Explanation of Non-GAAP Financial Measures
The company reports its financial results in accordance with accounting principles generally accepted in the United States of America, or GAAP. However, the company believes that, in order to properly understand its short-term and long-term financial, operational and strategic trends, it may be helpful for investors to exclude certain non-cash or non-recurring items when used as a supplement to financial performance measures in accordance with GAAP. These items result from facts and circumstances that vary in both frequency and impact on continuing operations. The company also uses results of operations excluding such items to evaluate the operating performance of Alkami and compare it against prior periods, make operating decisions, determine executive compensation, and serve as a basis for long-term strategic planning. These non-GAAP financial measures provide the company with additional means to understand and evaluate the operating results and trends in its ongoing business by eliminating certain non-cash expenses and other items that Alkami believes might otherwise make comparisons of its ongoing business with prior periods more difficult, obscure trends in ongoing operations, reduce management’s ability to make useful forecasts, or obscure the ability to evaluate the effectiveness of certain business



strategies and management incentive structures. In addition, the company also believes that investors and financial analysts find this information to be helpful in analyzing the company’s financial and operational performance and comparing this performance to the company’s peers and competitors.

The company defines “Annual Recurring Revenue (ARR)” by aggregating annualized recurring revenue related to SaaS subscription services recognized in the last month of the reporting period as well as the next 12 months of expected implementation services revenues for all clients on the platform in the last month of the reporting period. We believe ARR provides important information about our future revenue potential, our ability to acquire new clients, and our ability to maintain and expand our relationship with existing clients.

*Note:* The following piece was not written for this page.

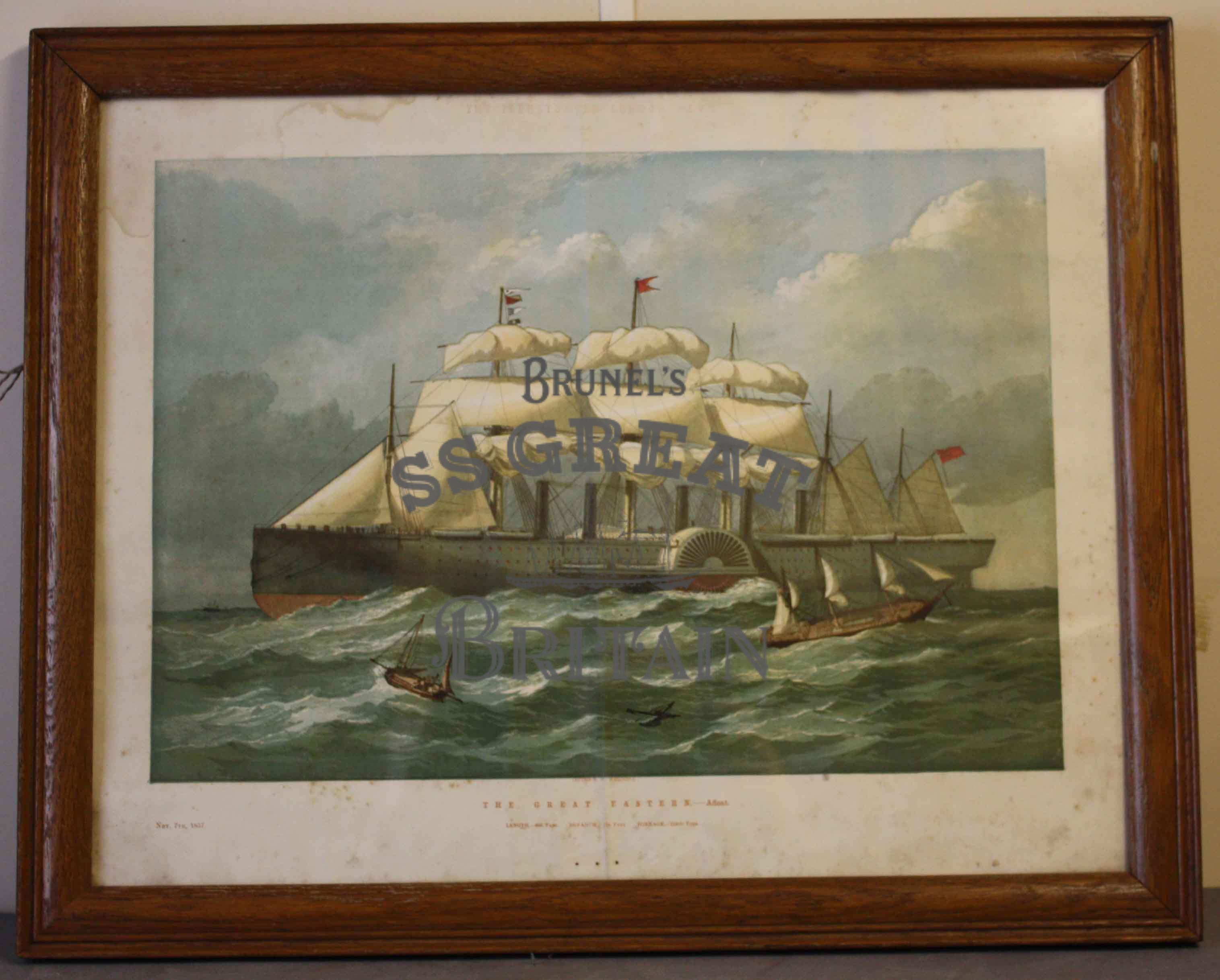 DescriptionColoured print of the ss Great Eastern at sea. Print from the Illustration London News after a painting by E. W. Weedon. Shows the Great Eastern at sea, view of port side. Most sails are set, choppy sea, clouds in the background, two smaller vessels in the foreground.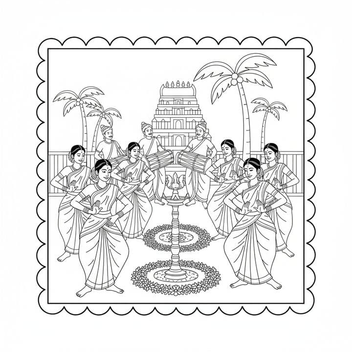 A line art scene depicts a traditional Indian dance performance. Women in saris perform graceful poses around a ceremonial lamp adorned with flowers. Musicians play drums behind them. A temple and pal...Read more

The company defines “Registered Users” as an individual or business related to an account holder of an FI client on our digital banking platform who has registered to use one or more of our solutions and has current access to use those solutions as of the last day of the reporting period presented. We price our digital banking platform based on the number of registered users, so as the number of registered users of our digital banking platform increases, our ARR grows. We believe growth in the number of registered users provides important information about our ability to expand market adoption of our digital banking platform and its associated software products, and therefore to grow revenues over time.

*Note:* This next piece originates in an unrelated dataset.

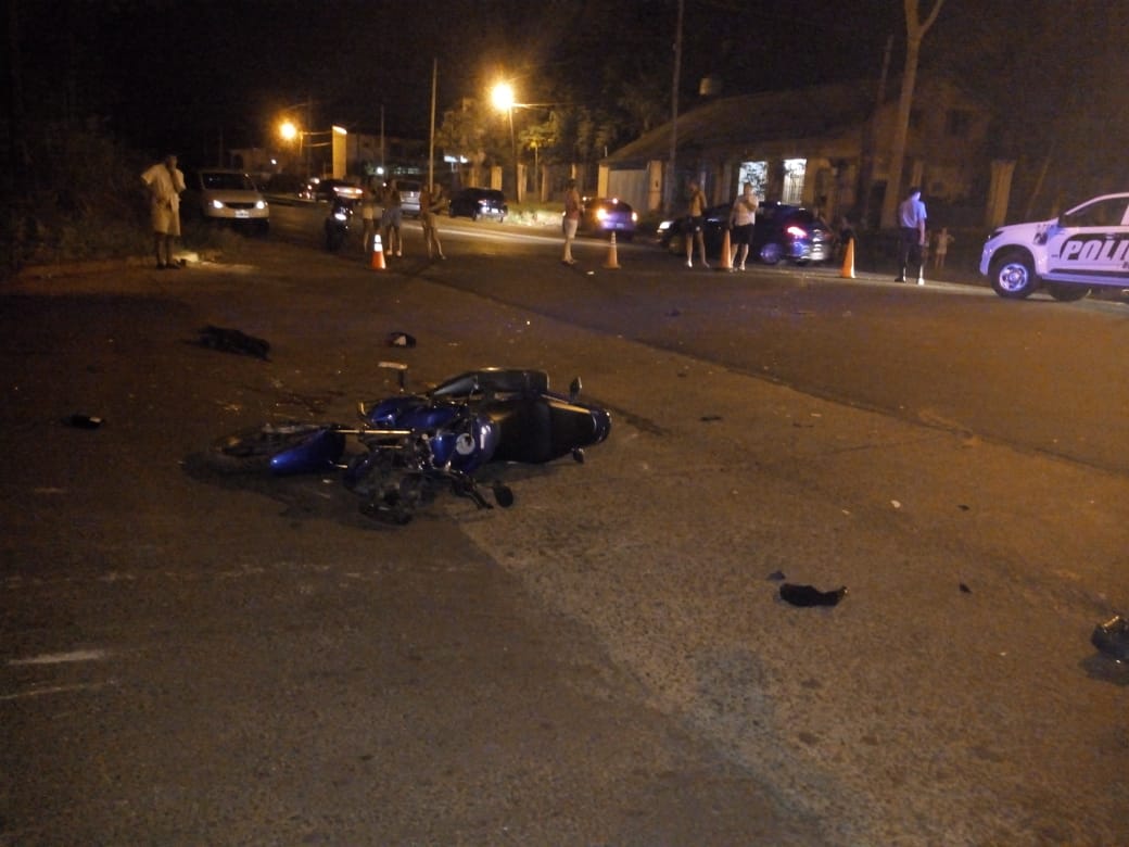 El siniestro vial fue registrado anoche, minutos después de las 21 hs, en la intersección de las avenidas Alem y Aguado. Momentos antes sobre avenida Alem, colisionaron la moto Honda Invicta, ocupada por Ramón De Olivera junto a Claudia D. y el automóvil VW Gol guiado por María O. (38) quien venía acompañada de su hija de 12 años.

The company defines “Revenue per Registered User (RPU)” by dividing ARR for the reporting period by the number of registered users as of the last day of the reporting period. We believe RPU provides important information about our ability to grow the number of software products adopted by new clients over time, as well as our ability to expand the number of software products that our existing clients add to their contracts with us over time.

The company defines “Non-GAAP Cost of Revenues” as cost of revenues, excluding (1) amortization of intangible assets and (2) stock-based compensation expense. The company believes that investors and financial analysts find this non-GAAP financial measure to be useful in analyzing the company’s financial and operational performance, comparing this performance to the company’s peers and competitors, and understanding the company’s ability to generate income from ongoing business operations.

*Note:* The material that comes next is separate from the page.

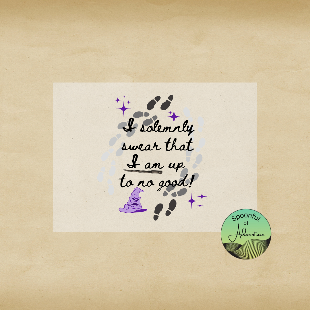 Get ready to press our "I solemnly swear that I am up to no good!" (Purple) design onto your next project! This is for DTF transfer print ONLY.

The company defines “Non-GAAP Gross Margin” as gross profit, plus (1) amortization of intangible assets and (2) stock-based compensation expense, all divided by revenue. The company believes that investors and financial analysts find this non-GAAP financial measure to be useful in analyzing the company’s financial and operational performance, comparing this performance to the company’s peers and competitors, and understanding the company’s ability to generate income from ongoing business operations.

The company defines “Non-GAAP Research and Development Expense” as research and development expense, excluding (1) amortization of intangible assets and (2) stock-based compensation expense. The company believes that investors and financial analysts find this non-GAAP financial measure to be useful in analyzing the company’s financial and operational performance, comparing this performance to the company’s peers and competitors, and understanding the company’s ongoing expenditures related to product innovation.

The company defines “Non-GAAP Sales and Marketing Expense” as sales and marketing expense, excluding (1) amortization of intangible assets and (2) stock-based compensation expense. The company believes that investors and financial analysts find this non-GAAP financial measure to be useful in analyzing the company’s financial and operational performance, comparing this performance to the company’s peers and competitors, and understanding the company’s ongoing expenditures related to its sales and marketing strategies.

The company defines “Non-GAAP General and Administrative Expense” as general and administrative expense, excluding (1) amortization of intangible assets, (2) stock-based compensation expense, (3) acquisition-related expenses, and (4) tender offer-related costs. The company believes that investors and financial analysts find this non-GAAP financial measure to be useful in analyzing the company’s financial and operational performance, comparing this performance to the company’s peers and competitors, and understanding the company’s underlying expense structure to support corporate activities and processes.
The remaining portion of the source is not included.